One of the highlights of the EDA was the visualization of geographical data using **GeoPandas**. By mapping the latitude and longitude points of the dataset onto a map of California, sourced from [Natural Earth Data](https://www.naturalearthdata.com/downloads/10m-cultural-vectors/10m-admin-1-states-provinces/), I was able to confirm that all spatial points indeed fell within California's borders. This spatial analysis provided valuable context and ensured the geographical integrity of the dataset. The use of GeoPandas not only facilitated the accurate plotting of points but also allowed for a seamless integration with base maps, offering a clear and informative geographical visualization. Here, you can see the plot:

Churn Analysis

## Machine Learning

In this project, I implemented a robust and scalable machine learning pipeline by creating a custom `ModelPipeline` class, located in the [`ml_model.py`](src/ml_model.py) file. This object-oriented approach provides several key advantages, such as code reusability, scalability, and the flexibility to easily extend the pipeline with new models and techniques.

### Default Models and Flexibility
The `ModelPipeline` class is designed with several default machine learning models, including:
- **Logistic Regression**
- **Random Forest**
- **XGBoost**

Additionally, I integrated **CatBoost**, which is particularly effective for handling categorical features and imbalanced datasets. The modular design of the `ModelPipeline` class allows for seamless integration of these models and the ability to switch between them effortlessly, depending on the specific needs of the analysis.

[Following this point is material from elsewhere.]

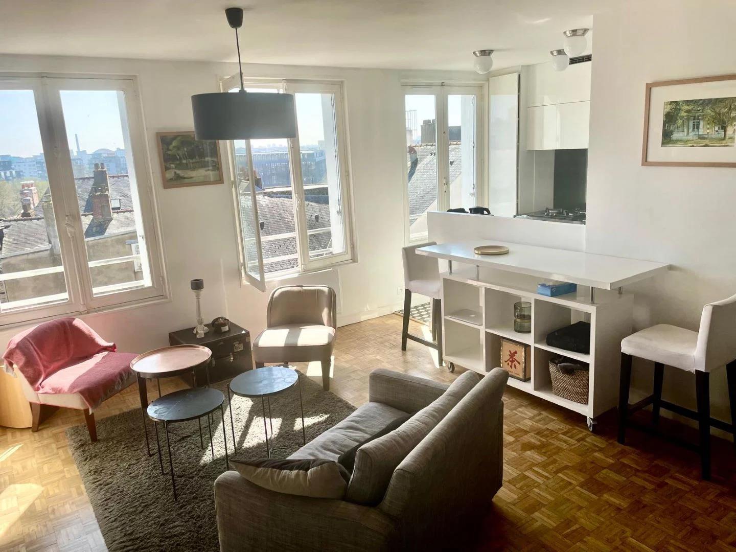 Nantes/Centre Ville A vendre, un appartement lumineux avec vue dégagée exceptionnelle Situé au dernier étage d'une copropriété idéalement placée, cet appartement entièrement rénové séduit par son charme et ses prestations de qualité. Traversant et baigné de lumière, il offre une pièce de vie chaleureuse avec poêle et bibliothèque, ouverte sur une cuisine moderne, meublée et équipée. Il dispose de deux chambres dont une avec penderie intégrée. Les matériaux choisis sont de très belle qualité. Une cave vient compléter ce bien rare. Coup de coeur assuré pour sa vue imprenable, exposée plein sud, et son atmosphère élégante et conviviale. (6.00 % honoraires Ttc à la charge de l'acquéreur.) Copropriété de 16 lots (Pas de procédure en cours). Charges annuelles : 1120 euros.

### Handling Imbalanced Classes
A significant challenge in churn prediction is dealing with imbalanced classes. To address this, I incorporated methods such as **SMOTE** (Synthetic Minority Over-sampling Technique) and **ADASYN** (Adaptive Synthetic Sampling) within the `ModelPipeline`. These techniques were applied during the stratified cross-validation process to balance the classes and improve model performance.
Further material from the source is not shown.